В качестве альтернативы ТПХВ в Москве в 1893 году возникает Московское товарищество художников (точнее, с 1893 года организуются выставки картин московских художников, а само товарищество оформляется в 1896-м). Именно в рамках этой группы формируется и развивается этюдная традиция. Примерно в это же время в художественной среде приобретает популярность журнал «Артист» — орган (в том числе) нового московского искусства; его первоначальная цель — поддержка молодежи поколения Левитана. Однако и здесь происходит тот же самый внутренний — невидимый — раскол. Михеев и Голоушев (псевдоним Сергей Глаголь) делают ставку на картинного Левитана, всячески третируя школу этюда [834], в то время как критики-художники вроде Николая Досекина или Мечислава Далькевича — понимающие, как профессионалы, проблематику чистой живописности — очень робко пытаются реабилитировать этюд школы Коровина.
Парадоксальным образом художники, чуждые «легкомысленной» проблематике этюда и разделяющие изначальные программные ценности ТПХВ (точнее, радикального шестидесятничества), также вступают в конфликт со «старшими» передвижниками.
По характеру сюжетов это новое передвижническое искусство, формирующееся на рубеже 80–90-х годов, можно обозначить как радикальный социальный натурализм.
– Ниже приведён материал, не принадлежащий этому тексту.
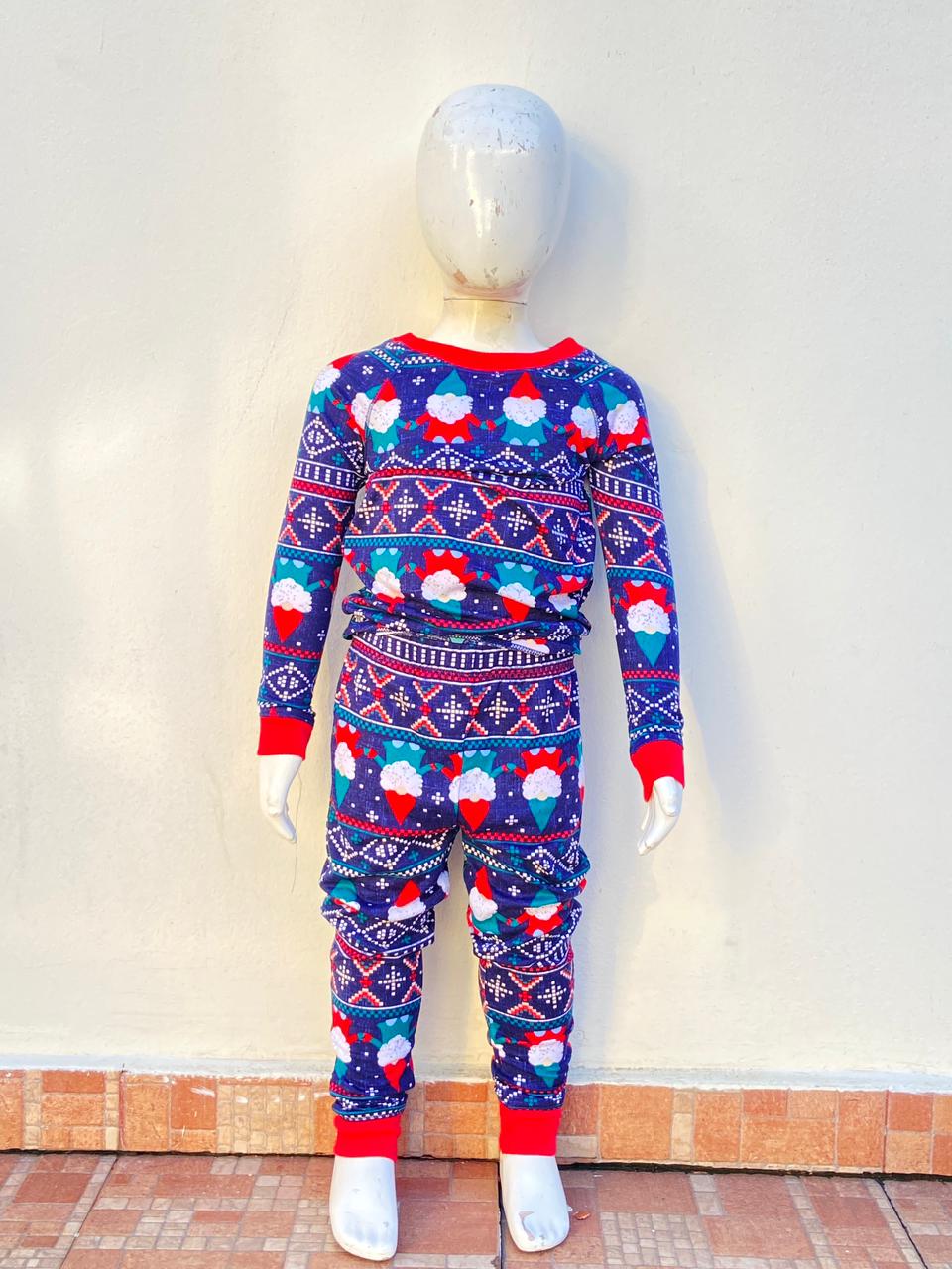 Conjunto/Pijama Navidad azul oscuro, mangas largas, con estampados de cuadritos y muñequitos de santa claus.

Стремление вернуться к драматическим социальным сюжетам нищеты и отверженности, то есть к раннему, «апостольскому» периоду передвижничества, само по себе достаточно радикально; оно говорит об исчерпании, о завершении предыдущего проекта. И действительно, старшее поколение оставшихся в живых передвижников — поколение Сурикова и Васнецова — уже мыслит категориями героической мифологии (которая мало чем отличается от официальной пропаганды), а младшее — поколение Левитана — принципиально не интересуется социальными проблемами.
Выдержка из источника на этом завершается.